Start to finish, print the entries exactly, and carry none of the pictures over.
★ ★ ★ ★
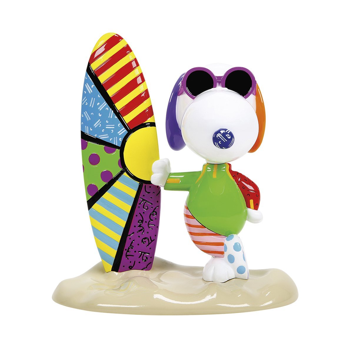 Romero Britto trifft auf die Peanuts in dieser fröhlichen Kollektion, die Kunst und Lebensfreude feiert. Joe Cool surft am South Beach in einem von Britto gestalteten Neoprenanzug neben einem von Britto inspirierten Surfbrett.
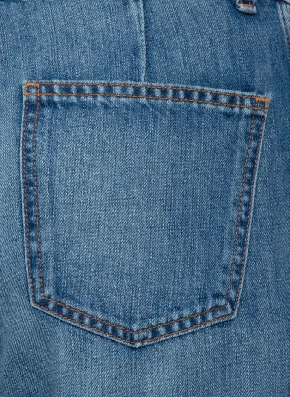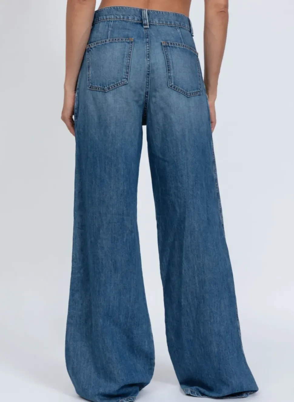High Rise slim fit wide leg jean with double button waistband. Light weight in a stretch wide wale corduroy.
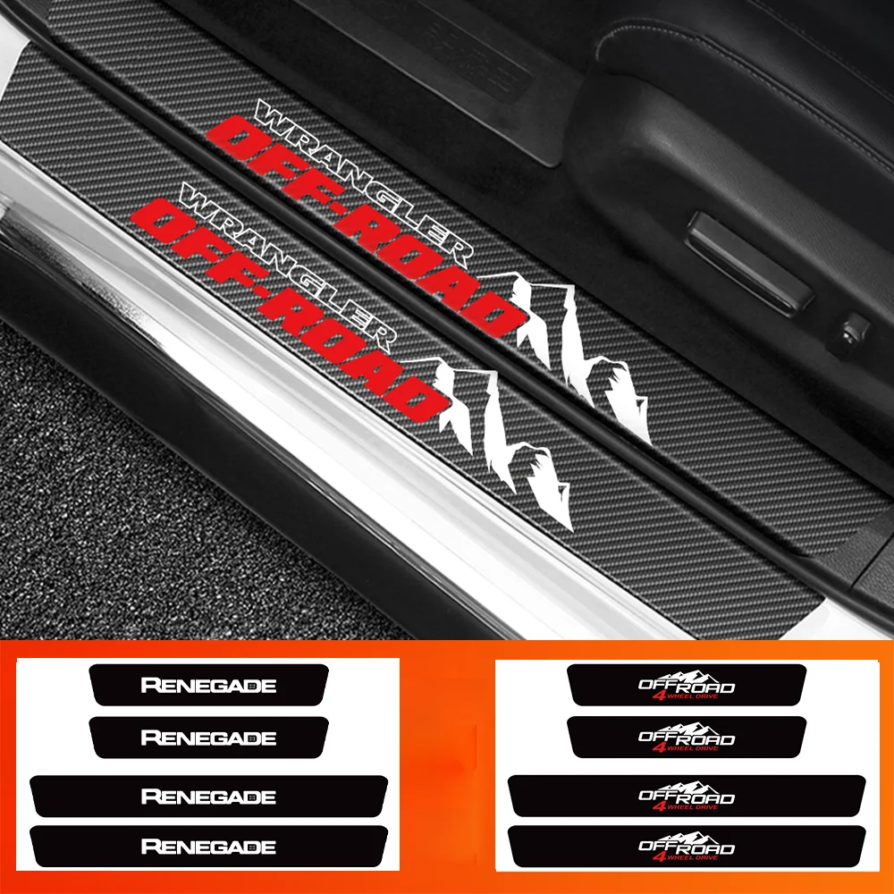 Защитные наклейки на порог автомобильной двери из углеродного волокна, автомобильные аксессуары для Jeep Renegade Wrangler Compass
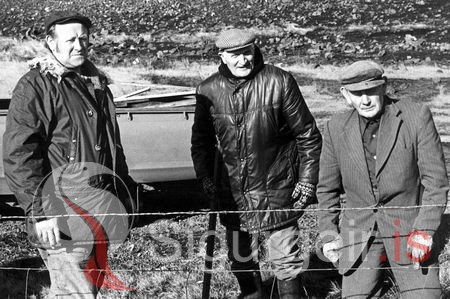 Tekin 6. október 1979. Feðgarnir Sveinn Hjörleifsson og Hjörleifur Sveinsson í Skálholti ásamt Bjarna Bjarnasyni í Breiðholti, dýralækni.
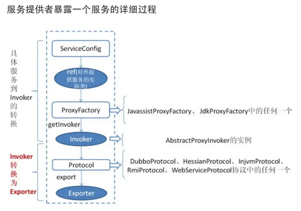 Dubbo 处理服务暴露的关键就在 Invoker 转换到 Exporter 的过程
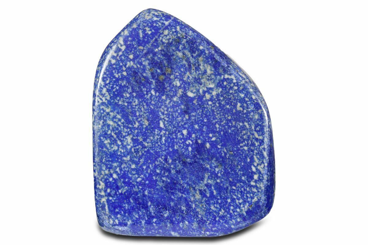 Lapis lazuli stands apart from most gemstones because it is not a single mineral, but a richly patterned metamorphic rock composed of several minerals. Its iconic deep blue hue comes primarily from lazurite, which must make up at least 25% of the material for it to be classified as true lapis. Golden specks of pyrite often appear scattered throughout the stone, creating a striking contrast that enhances its beauty and has made lapis a prized gem for thousands of years.
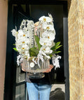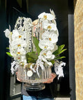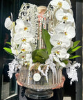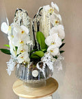 Pearl Orchid, özel tasarım cam vazosunda sunulan, 360 derece orkide görünümüne sahip ters yerleştirilmiş beyaz orkidelerle hazırlanmış eşsiz bir aranjmandır.
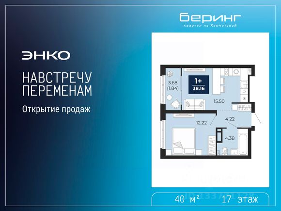 Продается однокомнатная квартира с предчистовой отделкой в ЖК "Беринг" на 17 этаже. Общая площадь: 40 кв.м., жилая: 12.22 кв.м., площадь просторной кухни-столовой: 15.5 кв.м. Все окна выходят на одну сторону. В квартире одна лоджия, один совмещенный санузел. Высота потолков 2.75 м.
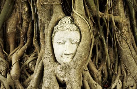 왓 마하탓에서 가장 유명한 것은 나무뿌리에 감긴 불상의 머리입니다. 미얀마 군에 의해 모든 사원이 파괴되고 불상의 머리가 잘려 나갔는데 이때 잘려 나간 불상의 머리가 나무뿌리에 감겨 환생의 의미로 아유타야를 대표하는 유물이 되었습니다.
★ ★ ★ ★
(Written solution):
 Romero Britto trifft auf die Peanuts in dieser fröhlichen Kollektion, die Kunst und Lebensfreude feiert. Joe Cool surft am South Beach in einem von Britto gestalteten Neoprenanzug neben einem von Britto inspirierten Surfbrett.
High Rise slim fit wide leg jean with double button waistband. Light weight in a stretch wide wale corduroy.
 Защитные наклейки на порог автомобильной двери из углеродного волокна, автомобильные аксессуары для Jeep Renegade Wrangler Compass
 Tekin 6. október 1979. Feðgarnir Sveinn Hjörleifsson og Hjörleifur Sveinsson í Skálholti ásamt Bjarna Bjarnasyni í Breiðholti, dýralækni.
 Dubbo 处理服务暴露的关键就在 Invoker 转换到 Exporter 的过程
 Lapis lazuli stands apart from most gemstones because it is not a single mineral, but a richly patterned metamorphic rock composed of several minerals. Its iconic deep blue hue comes primarily from lazurite, which must make up at least 25% of the material for it to be classified as true lapis. Golden specks of pyrite often appear scattered throughout the stone, creating a striking contrast that enhances its beauty and has made lapis a prized gem for thousands of years.
 Pearl Orchid, özel tasarım cam vazosunda sunulan, 360 derece orkide görünümüne sahip ters yerleştirilmiş beyaz orkidelerle hazırlanmış eşsiz bir aranjmandır.
 Продается однокомнатная квартира с предчистовой отделкой в ЖК "Беринг" на 17 этаже. Общая площадь: 40 кв.м., жилая: 12.22 кв.м., площадь просторной кухни-столовой: 15.5 кв.м. Все окна выходят на одну сторону. В квартире одна лоджия, один совмещенный санузел. Высота потолков 2.75 м.
 왓 마하탓에서 가장 유명한 것은 나무뿌리에 감긴 불상의 머리입니다. 미얀마 군에 의해 모든 사원이 파괴되고 불상의 머리가 잘려 나갔는데 이때 잘려 나간 불상의 머리가 나무뿌리에 감겨 환생의 의미로 아유타야를 대표하는 유물이 되었습니다.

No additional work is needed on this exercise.